Nessa balança já quebrada, porém ainda sem o aviso colocado, subiu um rapaz alto, magricela, rosto virado para o alto e com a mão na garganta, reclamando muito de uma espinha de peixe que lhe incomodava. Foi engraçado vê-lo ainda com o rosto virado para o alto e forçando o mais que podia seus olhos para baixo, tentando olhar o ponteiro da balança. Dava leves pulos na balança para ver se o ponteiro aparecia ao nível dos seus olhos, quando o farmacêutico apareceu e lhe disse: “A espinha não vai descer desse jeito. Vamos dar uma olhada lá dentro.” Tinha gente que nunca deixava de querer ver o peso...
Na barbearia do Joca, no dia seguinte à colocação da citada placa, além das conversas sobre política, último jogo de futebol pelo campeonato da região ou a prisão do pau d’água que estava caído na calçada na noite de sexta-feira passada, o assunto mais comentado passou a ser a balança.
Otávio, o aprendiz de farmacêutico da farmácia da balança quebrada, era exímio em pequenos curativos, atender alguns tipos de emergências e também conhecido pela sua habilidade em aplicar injeções. Os fregueses diziam que não mudariam para a outra farmácia por causa do Otávio, apesar da balança quebrada.
Do final da história, fiquei sabendo na barbearia do Joca, que a outra farmácia passou a ter uma freguesia muito maior porque a balança da primeira farmácia nunca foi consertada.
Preocupado em controlar meu peso, recentemente fui procurar uma balança nas farmácias do meu bairro em São Paulo. Passei em quatro e nenhuma delas tinha tal equipamento. Uma delas tinha um equipamento mais sofisticado que podia fornecer, além do peso, a pressão e a altura, registrada em fita de papel, em troca de um real.
Tirei meu peso e fiquei preocupado com a pressão arterial, embora não estivesse crítica. Só queria uma simples balança de farmácia para ver meu peso.
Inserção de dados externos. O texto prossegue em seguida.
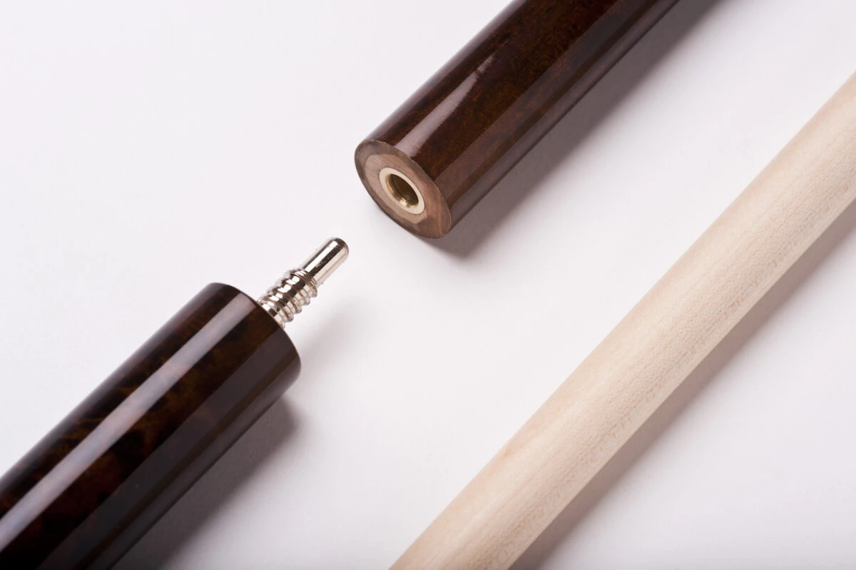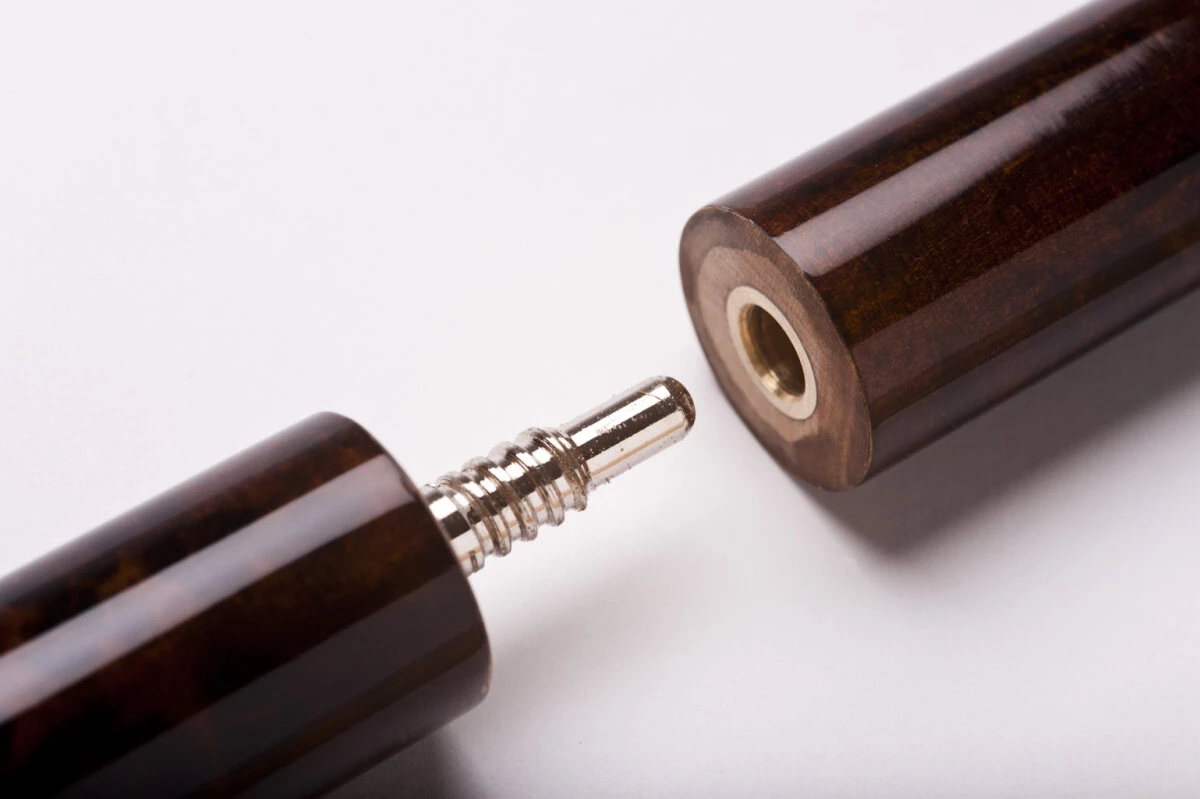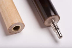 Das Break-Jump-Queue „Powerbreak“ gibt es in mehreren Designs. Das Modell „Dunkelbraun“ ist in einfachem dunkelbraun gestaltet. Es verfügt über ein hartes Oberteil mit besonderem Schliff sowie eine schwarze Bakelit-Ferrule. Damit ist das Break besonders hart und trotzdem kontrolliert. Dank der weiteren Teilung des Unterteils und der Kunststoff-Ferrule führen Sie Jump-Shots einfach und kontrolliert aus. Beide Gewinde sind mit einem Schnellverschluss versehen und damit schnell abschraubbar.

Voltando para casa, lembrei-me da história contada no início. Também ia a  uma farmácia perto de casa que tinha balança na porta, cuja proprietária do negócio era uma senhora farmacêutica. Sempre que uma gripe me pegava de jeito eu ia até lá, para tomar injeção. Aquela injeção preparada na farmácia que só Deus sabe o que era. Funcionava. Aproveitava para pesar na balança. Outras vezes passava lá só para ver meu peso.
Um dia essa farmácia mudou de dono, mantendo a balança e a mim como seu freguês, menos para tomar injeção. Na última vez que estive lá, havia um pequeno balcão onde existia a balança.
Com o passar dos anos, quase todas as farmácias foram tirando suas balanças e colocando no seu espaço, prateleira com produtos em oferta, colocando aquele velha hábito de ver o peso na prateleira do esquecimento.
Já não me lembro quanto tempo faz que esqueci o hábito de me pesar, mas sempre que me deparo com uma balança de farmácia, não deixo de me pesar.
Coisa tão inusitada atualmente, uma balança de farmácia, que às vezes só a notamos porque alguém a descobriu antes e está vendo seu peso. Até  uma pequena fila de gente chega a se formar, indicando que se o hábito de ver o peso em balança de farmácia foi esquecido, por outro lado existe a favor do retorno desse hábito, um grande apelo da mídia para que as pessoas cuidem do seu perfil, controlem seu peso.
Parece que as farmácias, ou cadeias de farmácias (e drogarias) já estão percebendo isto, e começaram a disponibilizar equipamentos para ver o peso e medir a pressão arterial em seus estabelecimentos. Tenho visto num número maior de farmácias com balança.